GeneSIPs

SIPS Traffic Generation with baked in faker components.


Keywords
SIP, faker, generator
License
MIT
Install
Install-Package GeneSIPs -Version 1.0.8

Documentation

GeneSIPS

GeneSIPS is a simplistic library for bulk generation of SIPs datagrams.

Methodology

Since SIP Datagrams are really just text structures following IETF documents https://tools.ietf.org/html/rfc3261 and https://tools.ietf.org/html/rfc2046, the primary goal of this library is to build the structure of the message in string format such that it can be encoded and piped into a UDP Client.

Generation

Each class and its subclass will contain a public faker object.
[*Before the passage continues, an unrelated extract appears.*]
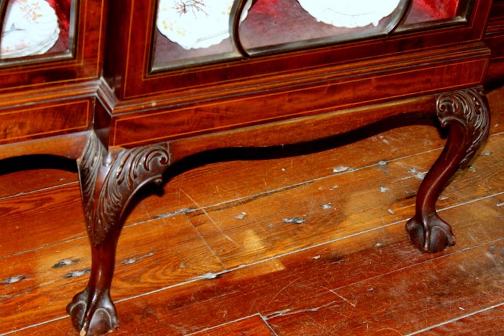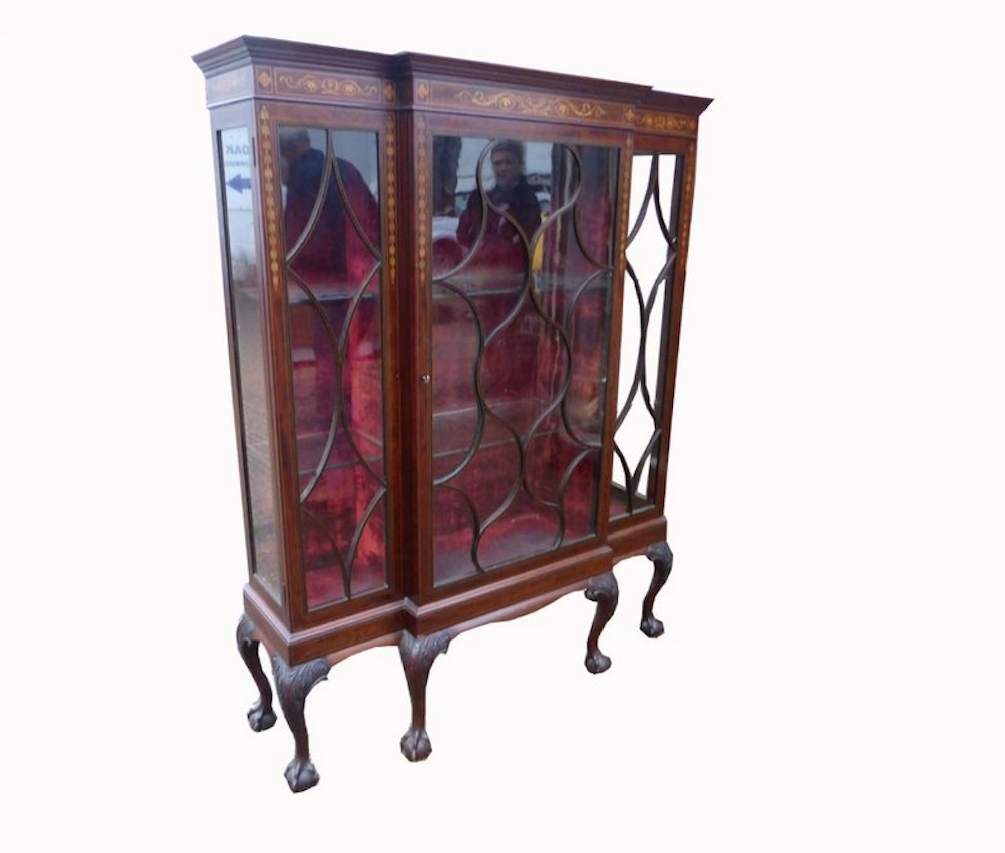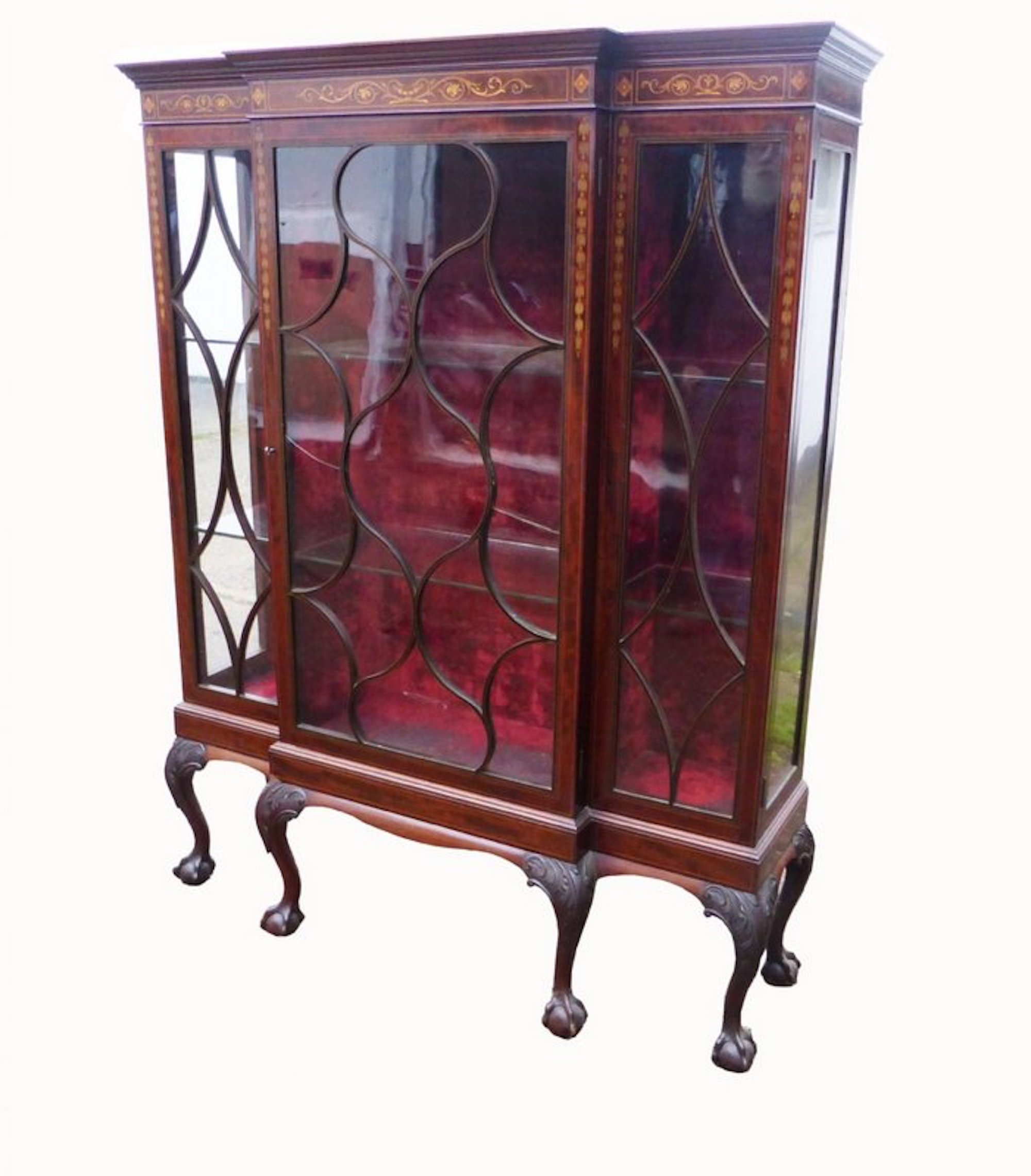 SKU: 7325-141 Categories: All Inventory, Cupboards, Furniture Tags: break-front, Cabinet, Chippendale, display, Mahogany, Marquetry
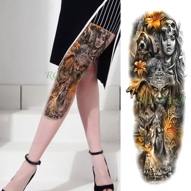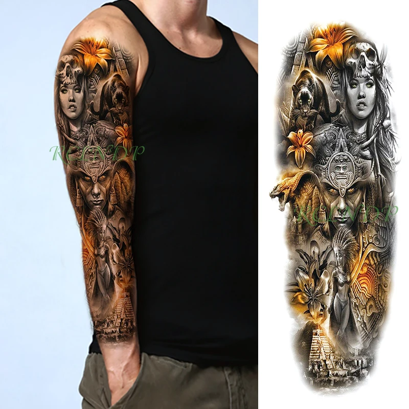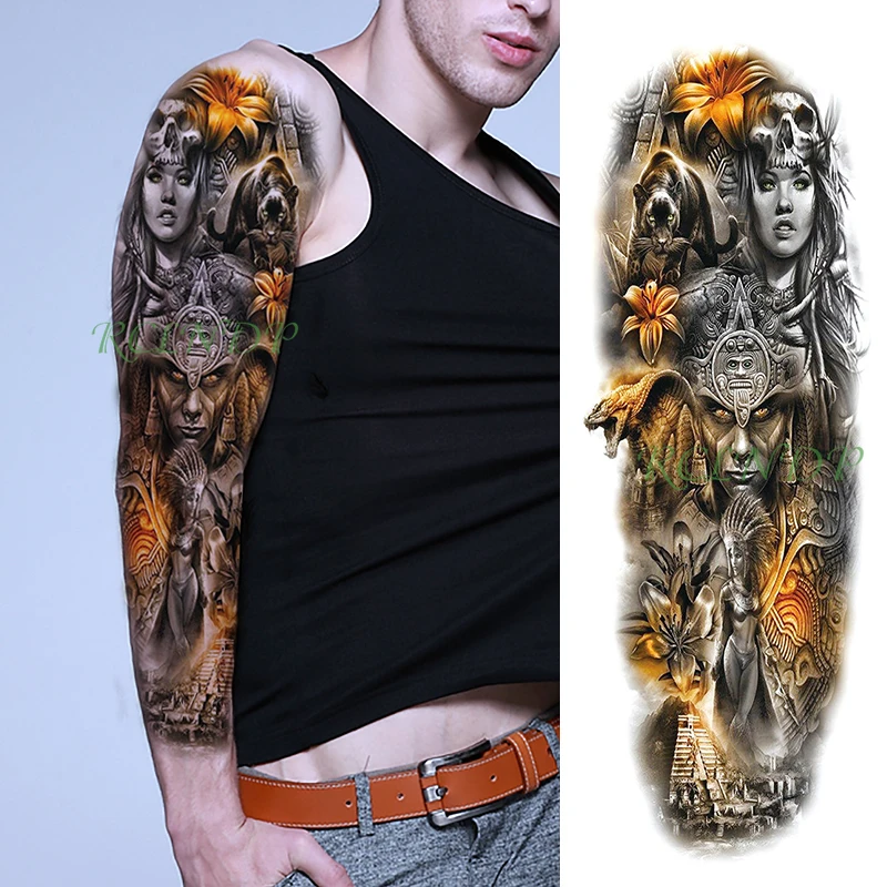 Водостойкая Временная тату-наклейка, Череп, девушка, старик, индийский человек, цветок, Золотая башня, руки, искусственная тату флэш-тату для мужчин и женщин

While the library has "general" rules defined, you can also build your own Faker objects and pass them to each class as a constructor to override the default value.

Testing

Each class (Or Line in the message) will contain its own Regex value to test for validity. As such you can bulk generate data, and then validate each line (and then the entire message) against the regex.

Usage

The first case is just generating a datagram:

 SIPMessage TestMessage = SIPMessage.Faker.Generate(1).First();

This will provide you an actual Datagram object. If you want the raw datagram converted to test, you can just call ToString() on the object:

string Datagram = TestMessage.ToString()

Custom Fakers

I'm in the process of implementing static faker settings across all objects, but let's look at the SIPMessage object. The below allows you to create a custom Faker for the entire object that, in this case, leaves the Body null:

Faker<SIPMessage> CustomFaker = new Faker<SIPMessage>()
                .StrictMode(false)
                .RuleFor(o => o.Body, f => null)
                .RuleFor(o => o.RequestLine, f => RequestLine.Faker.Generate(1).First())
                .RuleFor(o => o.Header, f => MessageHeader.Faker.Generate(1).First());

SIPMessage.SetCustomFaker(CustomFaker);
SIPMessage TestMessage = SIPMessage.Faker.Generate(1).First();           

Bulk Generation

If you're looking at bulk-generating datagrams, you will do it via Faker.Generate(x). As a heads up, initial benchmarking was able to produce 50,000 in 2.2 seconds. Can probably be tuned down, but should also be implemented in parallel if you need large volumes.